Government plans to impose a ‘good faith’ requirement on immigration lawyers have been strongly attacked by the Law Society, Bar Council and Immigration Law Practitioners Association (ILPA).
The Legal Services Board (LSB) also stepped in, saying the requirement was unnecessary and could prove difficult to enforce.
The Home Office’s New Plan for Immigration, published in March, included a proposal to develop “a ‘good faith’ requirement setting out principles for people and their representatives when dealing with public authorities and the courts, such as not providing misleading information or bringing evidence late where it was reasonable to do so earlier”.
The Law Society said it “opposes in the strongest possible terms any implications that our members can be assumed not to practice in good faith already, a claim which is damaging not only to the profession but to the vulnerable clients whom it might deter from seeking advice”.
The society said its members were already “subject to an extremely rigorous regulatory regime by the Solicitors Regulation Authority (SRA), which includes duties to the court and duties relating to integrity”, while the Legal Aid Agency provided “further means of scrutiny and oversight”.
The society added that “no explanation or evidence has been provided” for why “this existing high level of oversight” was inadequate.
The Bar Council said that, so far as its membership was concerned, barristers were “required by their regulatory code to act with honesty and integrity and owe stringent duties to the court” as well as being regulated by the Bar Standards Board.
“Other than signalling a distrust of legal advisors, imposing a good faith requirement on regulated legal professionals would add nothing to existing regulatory regimes. Doing so in one jurisdiction and not others is particularly objectionable.
“So far as individual applicants are concerned, a requirement of good faith is inbuilt to the system at every stage.”
ILPA said that where the new requirement applied to legal representatives, as opposed to applicants, “such professional obligations already apply”.

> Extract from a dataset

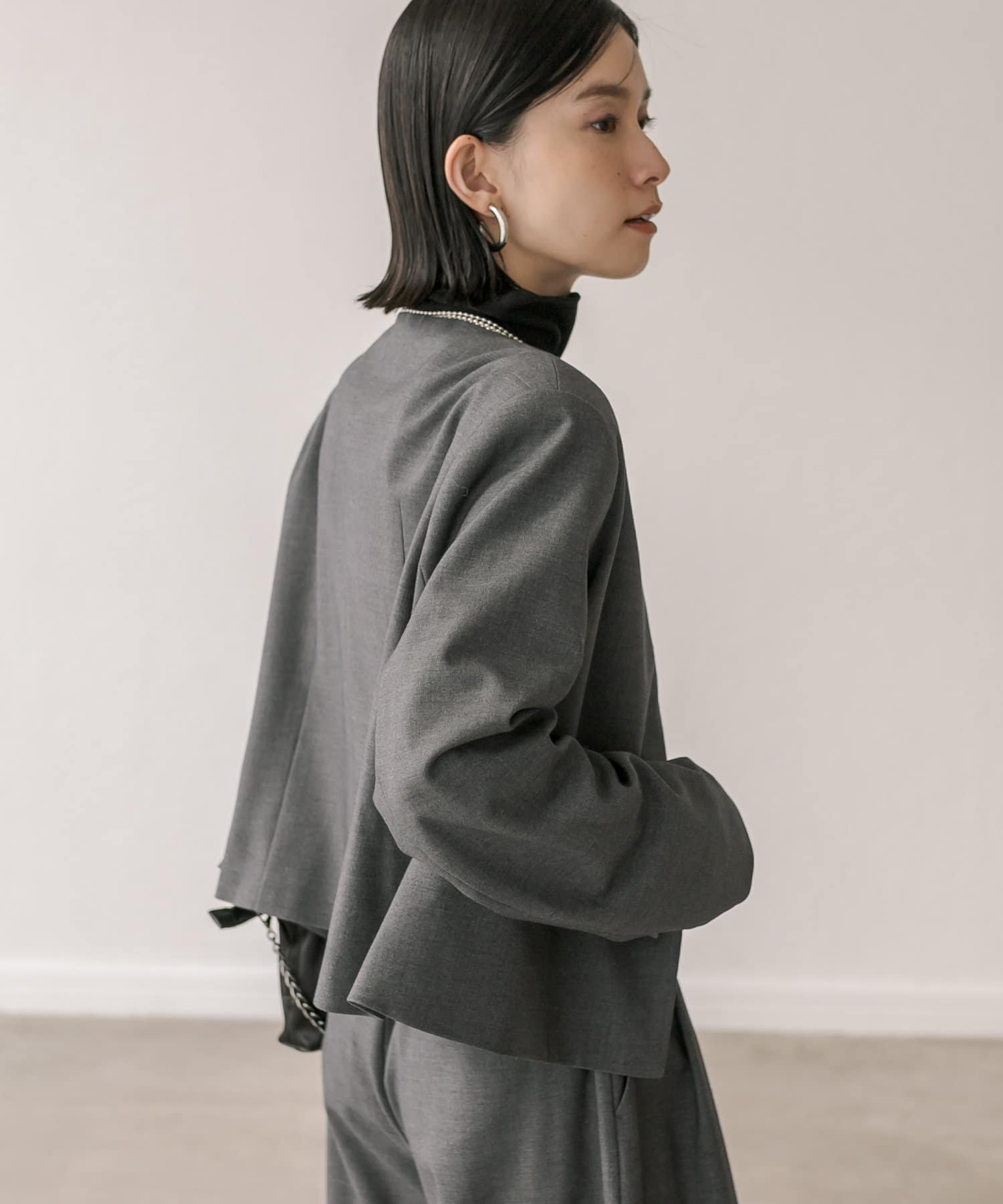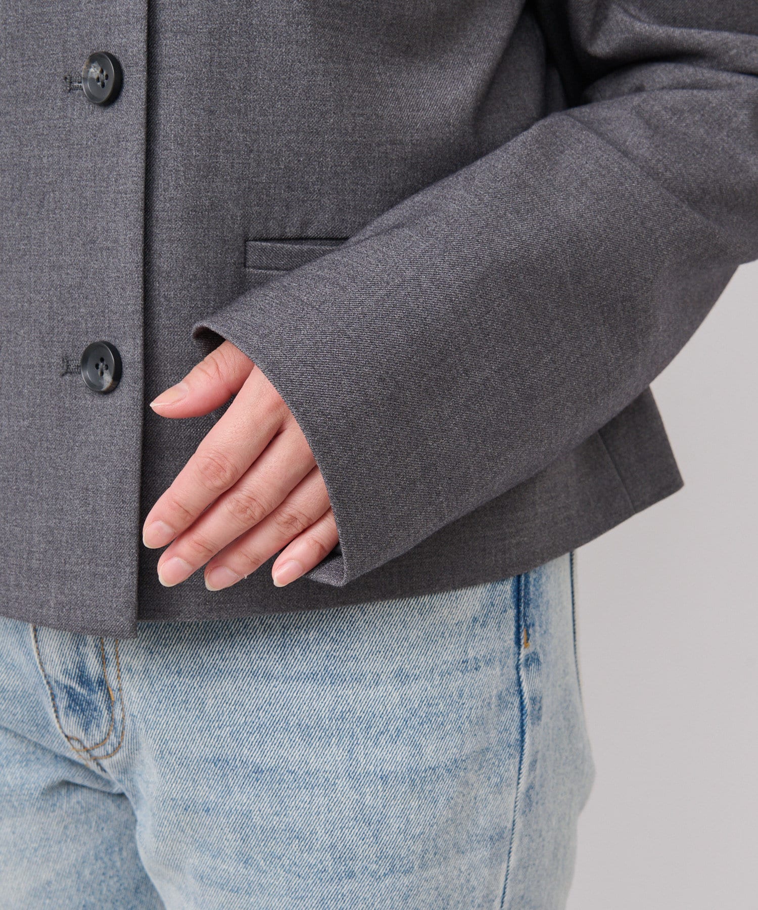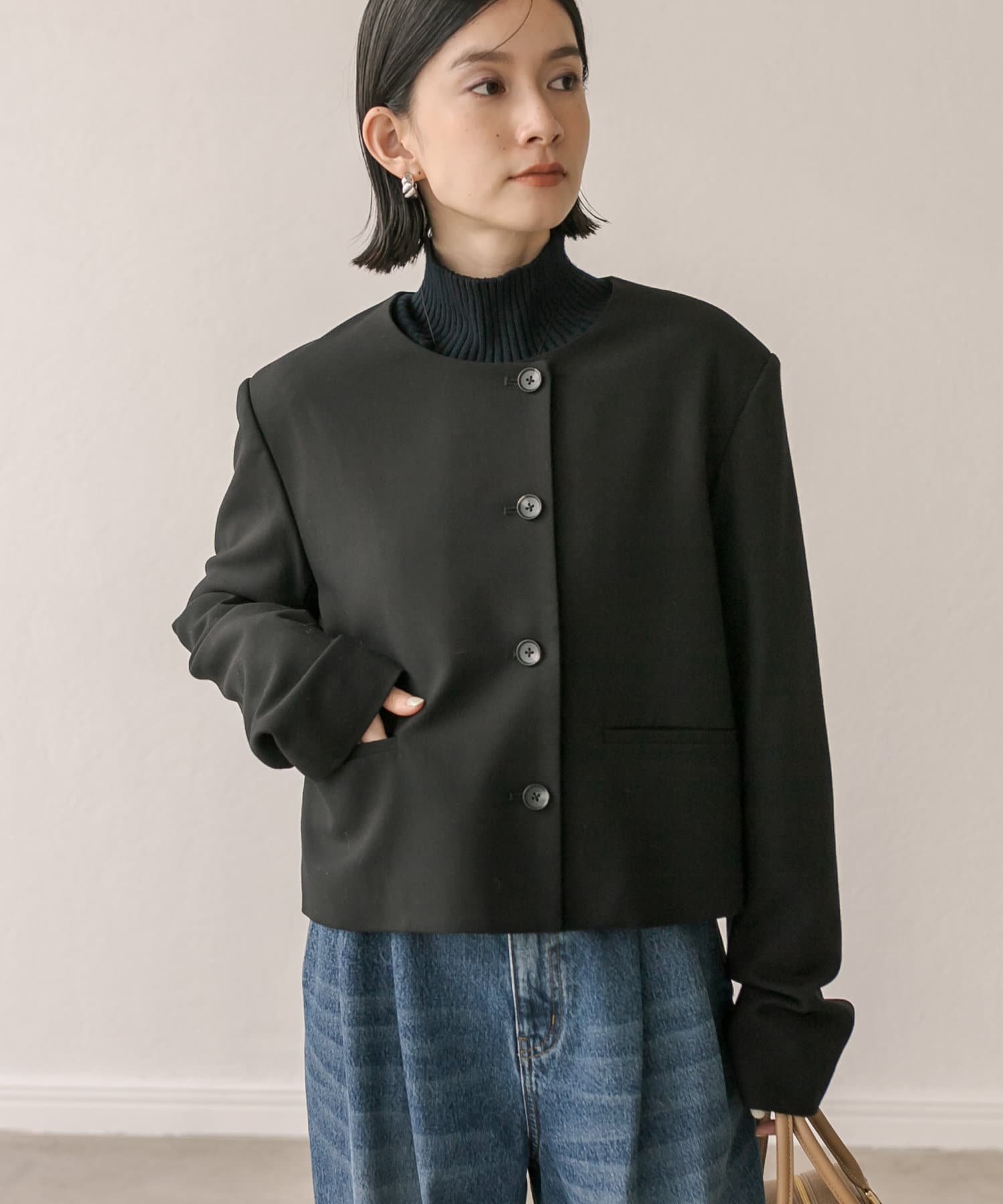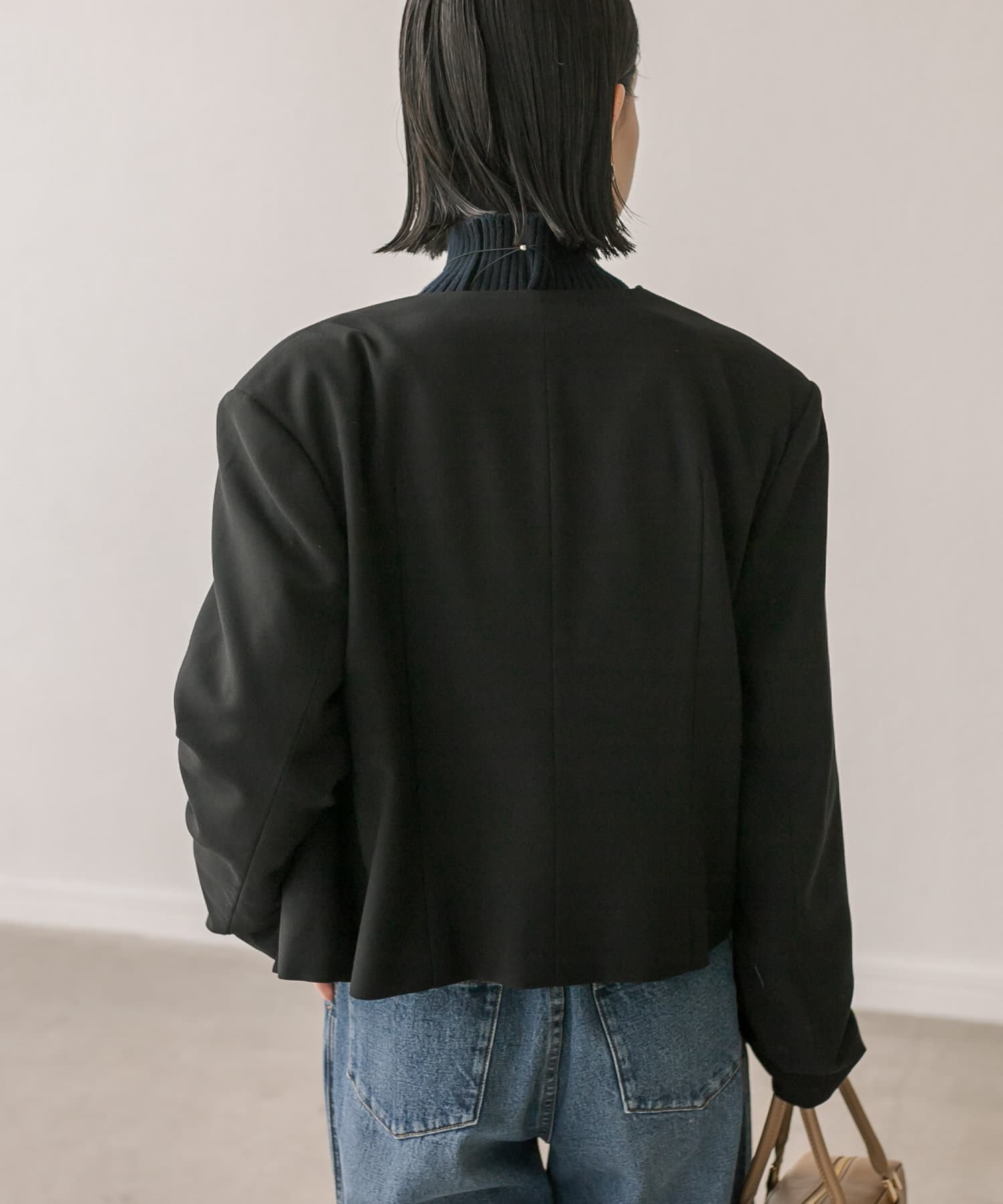 ショート丈の着丈とやや長めの袖丈、肩パット入りのデザインで、着るだけで様になるアイテム。

It argued that any duty of ‘good faith’ should apply not just to applicants and their lawyers, but to the state.
“The state should undertake to do its utmost to assist the applicant to make his or her asylum claim effectively, to safeguard the applicant’s welfare, to uphold the norms of international humanitarian law and to communicate its decisions to the applicant at the earliest possible opportunity (rather than serving them at the last minute, often shortly before removal flights).
“If the state breaches these duties, judges could be directed to give less weight to the Home Office’s evidence in asylum appeals.”
The LSB said that while there was “some anecdotal evidence” of quality problems, a ‘good faith’ requirement on legal representatives would “duplicate existing obligations and is therefore unnecessary”.
The best way forward “may be to focus on improving enforcement” of existing rules.
The LSB said its review of continuing competence had “identified immigration and asylum as being among the high-risk practice areas where there is evidence of actual harm to consumers”, while the SRA was “considering sector-specific competence statements or requirements” in areas such as immigration and advocacy.
“While there is some evidence of quality issues in this area, and judicial concern about individual cases has been reported in the press, this is largely anecdotal.”
The LSB added: “In short, the best way forward may be to focus on improving approaches to ensuring compliance with existing regulatory requirements, on which there is already work in progress, rather than creating new rules that may prove difficult to enforce.”